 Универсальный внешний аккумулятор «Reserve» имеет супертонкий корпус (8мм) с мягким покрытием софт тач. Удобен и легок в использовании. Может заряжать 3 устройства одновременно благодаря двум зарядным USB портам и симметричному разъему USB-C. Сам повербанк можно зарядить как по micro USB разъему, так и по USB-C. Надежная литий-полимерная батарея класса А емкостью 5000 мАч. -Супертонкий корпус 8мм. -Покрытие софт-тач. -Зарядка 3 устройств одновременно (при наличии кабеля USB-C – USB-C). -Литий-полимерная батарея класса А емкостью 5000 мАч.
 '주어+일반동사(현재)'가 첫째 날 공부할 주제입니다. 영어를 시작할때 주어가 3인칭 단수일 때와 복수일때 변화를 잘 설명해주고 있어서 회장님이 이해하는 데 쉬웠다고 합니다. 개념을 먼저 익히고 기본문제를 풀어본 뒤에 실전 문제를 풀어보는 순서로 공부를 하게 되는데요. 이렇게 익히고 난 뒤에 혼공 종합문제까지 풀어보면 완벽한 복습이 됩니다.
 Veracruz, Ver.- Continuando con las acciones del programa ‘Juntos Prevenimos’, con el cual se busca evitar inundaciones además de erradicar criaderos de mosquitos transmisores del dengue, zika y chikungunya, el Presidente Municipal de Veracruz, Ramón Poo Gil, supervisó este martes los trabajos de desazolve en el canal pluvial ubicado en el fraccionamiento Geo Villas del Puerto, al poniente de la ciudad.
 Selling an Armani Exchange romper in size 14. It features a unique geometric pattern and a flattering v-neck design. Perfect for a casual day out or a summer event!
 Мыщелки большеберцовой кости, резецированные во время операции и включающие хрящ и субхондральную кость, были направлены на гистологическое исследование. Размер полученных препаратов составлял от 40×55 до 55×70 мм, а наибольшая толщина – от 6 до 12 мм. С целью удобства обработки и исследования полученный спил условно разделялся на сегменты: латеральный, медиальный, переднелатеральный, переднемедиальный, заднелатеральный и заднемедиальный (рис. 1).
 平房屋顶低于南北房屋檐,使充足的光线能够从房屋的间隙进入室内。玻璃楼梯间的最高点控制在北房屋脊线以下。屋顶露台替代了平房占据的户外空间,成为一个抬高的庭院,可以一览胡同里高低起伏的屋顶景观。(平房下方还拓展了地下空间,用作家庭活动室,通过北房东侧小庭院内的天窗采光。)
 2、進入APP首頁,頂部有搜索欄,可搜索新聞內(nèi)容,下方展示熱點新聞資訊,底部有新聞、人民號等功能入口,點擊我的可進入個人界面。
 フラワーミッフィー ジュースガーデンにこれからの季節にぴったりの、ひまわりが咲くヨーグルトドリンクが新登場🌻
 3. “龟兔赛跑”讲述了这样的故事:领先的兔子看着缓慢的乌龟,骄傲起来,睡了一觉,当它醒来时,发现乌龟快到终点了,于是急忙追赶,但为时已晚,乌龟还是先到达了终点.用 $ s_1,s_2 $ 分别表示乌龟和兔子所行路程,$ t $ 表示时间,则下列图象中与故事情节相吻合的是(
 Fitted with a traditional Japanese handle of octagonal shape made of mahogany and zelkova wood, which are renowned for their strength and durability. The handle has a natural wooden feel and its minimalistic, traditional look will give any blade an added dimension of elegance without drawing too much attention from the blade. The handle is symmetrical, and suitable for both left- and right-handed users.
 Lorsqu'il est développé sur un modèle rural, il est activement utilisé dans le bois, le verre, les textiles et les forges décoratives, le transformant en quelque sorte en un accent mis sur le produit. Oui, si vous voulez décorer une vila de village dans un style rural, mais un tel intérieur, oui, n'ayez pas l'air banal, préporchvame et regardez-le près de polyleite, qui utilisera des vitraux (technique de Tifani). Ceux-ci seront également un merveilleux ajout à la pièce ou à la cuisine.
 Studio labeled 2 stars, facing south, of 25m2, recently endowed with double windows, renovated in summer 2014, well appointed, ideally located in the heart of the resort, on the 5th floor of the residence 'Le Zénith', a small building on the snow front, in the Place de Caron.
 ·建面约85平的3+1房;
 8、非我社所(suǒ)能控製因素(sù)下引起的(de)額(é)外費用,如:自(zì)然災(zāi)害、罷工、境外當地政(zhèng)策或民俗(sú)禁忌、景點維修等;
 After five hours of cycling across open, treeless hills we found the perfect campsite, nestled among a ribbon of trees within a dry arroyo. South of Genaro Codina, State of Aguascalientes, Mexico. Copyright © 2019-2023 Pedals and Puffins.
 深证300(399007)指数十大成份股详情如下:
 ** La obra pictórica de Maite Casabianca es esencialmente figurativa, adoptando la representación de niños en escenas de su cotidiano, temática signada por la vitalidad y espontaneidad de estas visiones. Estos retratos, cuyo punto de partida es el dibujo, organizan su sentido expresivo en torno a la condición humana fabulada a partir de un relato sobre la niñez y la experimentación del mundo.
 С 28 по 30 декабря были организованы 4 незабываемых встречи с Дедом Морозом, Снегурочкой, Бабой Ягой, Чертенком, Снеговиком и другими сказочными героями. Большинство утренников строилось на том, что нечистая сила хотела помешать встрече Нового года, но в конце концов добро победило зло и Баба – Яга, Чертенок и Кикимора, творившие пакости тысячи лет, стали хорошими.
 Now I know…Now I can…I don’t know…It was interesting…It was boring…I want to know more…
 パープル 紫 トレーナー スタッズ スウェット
==============================
**Exercise description**
In the entries above, locate every line with the word "summer" and copy it.

**Exercise answer**
 Selling an Armani Exchange romper in size 14. It features a unique geometric pattern and a flattering v-neck design. Perfect for a casual day out or a summer event!
 Studio labeled 2 stars, facing south, of 25m2, recently endowed with double windows, renovated in summer 2014, well appointed, ideally located in the heart of the resort, on the 5th floor of the residence 'Le Zénith', a small building on the snow front, in the Place de Caron.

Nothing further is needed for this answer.